Lots of us were not allowed to use offices because they are down narrow one-way corridors, or because they are small and shared with other people, not very far apart. We had to book limited other spaces on campus to work there.
Like @DelBocaVista I am frustrated by this thread. This year, I've spent ££££ on office equipment and faster wifi, I've worked through most weekends, I've replied in supportive detail to the hundreds of student emails that come in, and about one in 100 will even bother to acknowledge my response. I've worked so hard to pivot online and on campus as a moments' notice, and back again. I've been stressed and I've missed my kids. I've offered endless extra support sessions, which they don't turn up to.
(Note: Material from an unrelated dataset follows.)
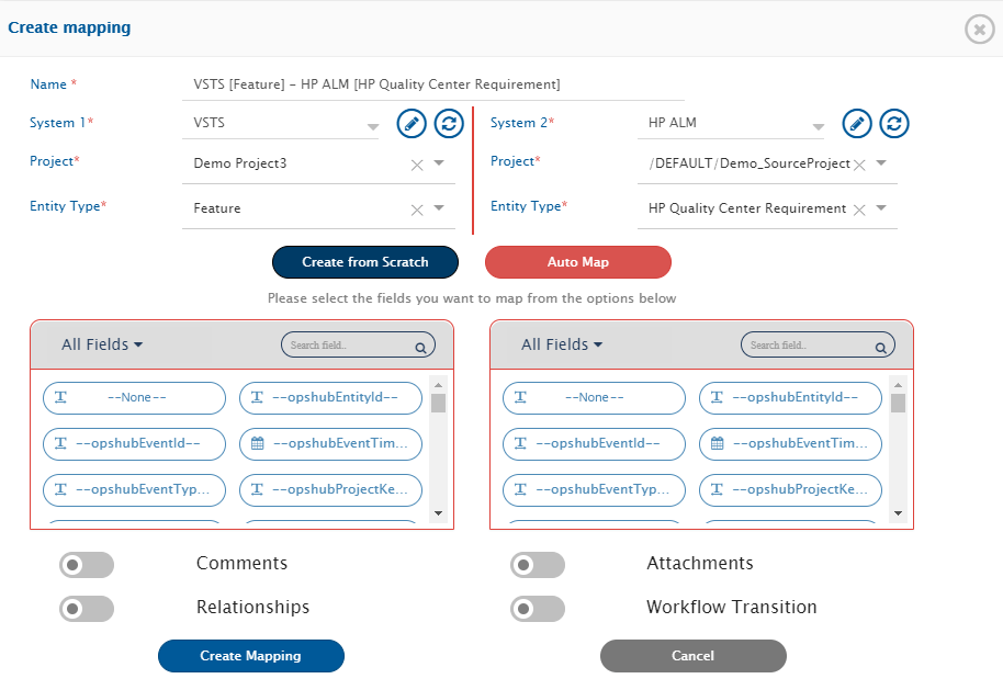 At this stage, you can also map entities such as comments and attachments. Refer to the videos on this page to learn in detail about [Comments](https://docs.opshub.com/v7.217/integrate/configure-integrations/mapping-configuration#comments) and [Attachments](https://docs.opshub.com/v7.217/integrate/configure-integrations/mapping-configuration#attachments) mapping.

I've taught to a black blank screen and tried to keep the energy levels up even though I can't see anyone and they won't speak.
While I was teaching on campus which was apparently central to students' wellbeing, numbers were appalling. When tiers came in, we were flooded with emails from students saying they were going home to their families for their mental health, and please could we go online to support them in that. When lockdown happened, even more just upped and left, again citing their mental health in most cases. We kept on offering on campus teaching. Even when it was the only thing we were leaving the house for.
And through all this, all we hear is how shit we are. Everything we say gets this AHA response, everything we do was wrong, every instance of students not engaging is because we failed to care enough - they apparently have 0 agency in anything. Unworkable and ill-informed suggestions of what we could do better are presented like gotchas and when we explain why they won't work that's further evidence of how little we care and how we apparently want to stay at home for the sake of it.